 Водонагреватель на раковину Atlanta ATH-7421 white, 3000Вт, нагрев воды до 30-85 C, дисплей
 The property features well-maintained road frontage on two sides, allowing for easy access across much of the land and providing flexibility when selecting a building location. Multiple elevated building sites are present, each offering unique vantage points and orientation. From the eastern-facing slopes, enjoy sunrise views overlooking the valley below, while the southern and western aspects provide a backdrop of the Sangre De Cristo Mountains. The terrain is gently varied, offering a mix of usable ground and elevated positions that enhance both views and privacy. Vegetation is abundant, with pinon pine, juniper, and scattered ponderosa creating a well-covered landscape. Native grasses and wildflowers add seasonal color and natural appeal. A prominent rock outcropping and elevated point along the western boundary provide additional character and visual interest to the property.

--

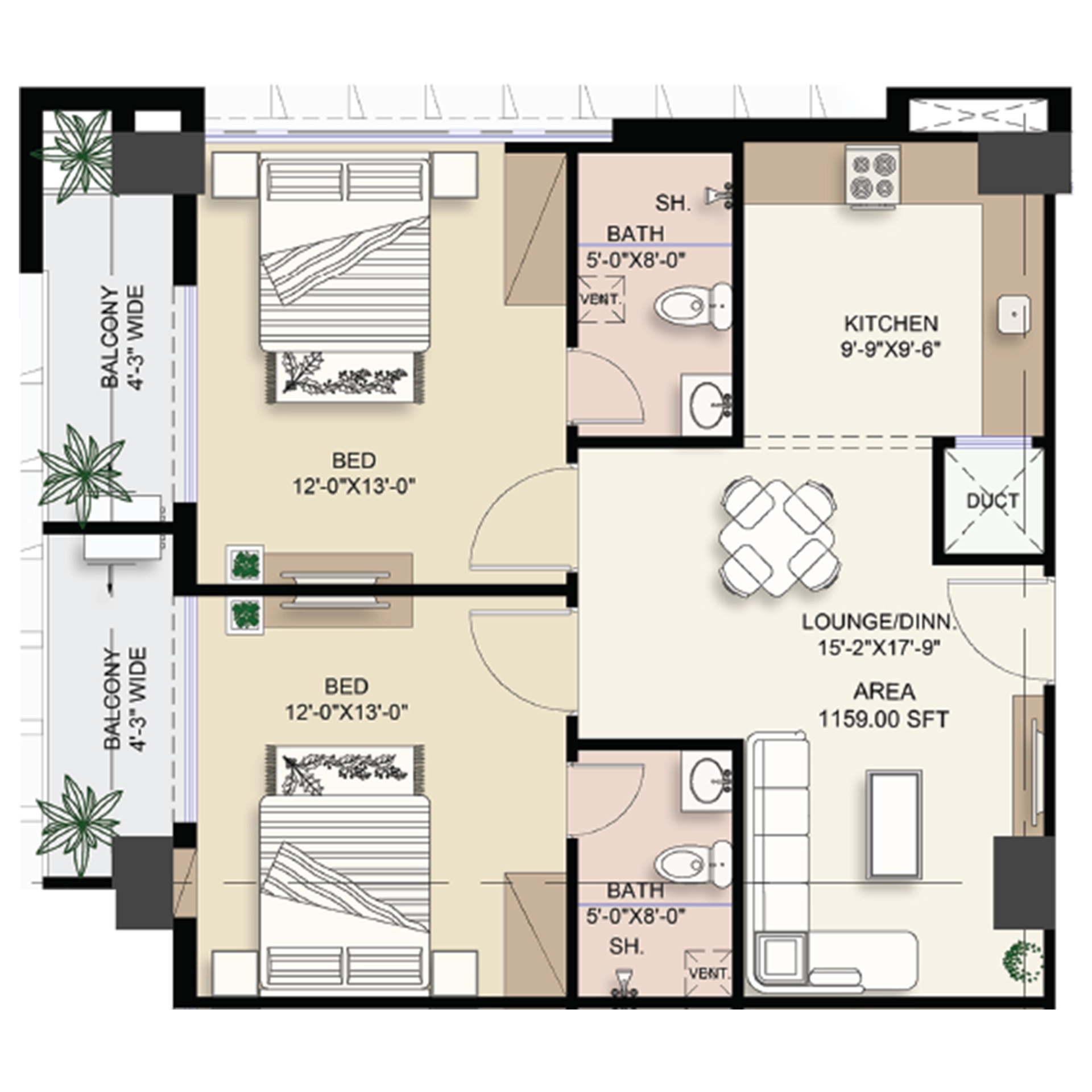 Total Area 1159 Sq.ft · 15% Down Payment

**What to produce:** Above are some lines. Repeat exactly, and only, those from the line that has "Водонагреватель на раковину" through the line that has "The property features".

**Result below:**
 Водонагреватель на раковину Atlanta ATH-7421 white, 3000Вт, нагрев воды до 30-85 C, дисплей
 The property features well-maintained road frontage on two sides, allowing for easy access across much of the land and providing flexibility when selecting a building location. Multiple elevated building sites are present, each offering unique vantage points and orientation. From the eastern-facing slopes, enjoy sunrise views overlooking the valley below, while the southern and western aspects provide a backdrop of the Sangre De Cristo Mountains. The terrain is gently varied, offering a mix of usable ground and elevated positions that enhance both views and privacy. Vegetation is abundant, with pinon pine, juniper, and scattered ponderosa creating a well-covered landscape. Native grasses and wildflowers add seasonal color and natural appeal. A prominent rock outcropping and elevated point along the western boundary provide additional character and visual interest to the property.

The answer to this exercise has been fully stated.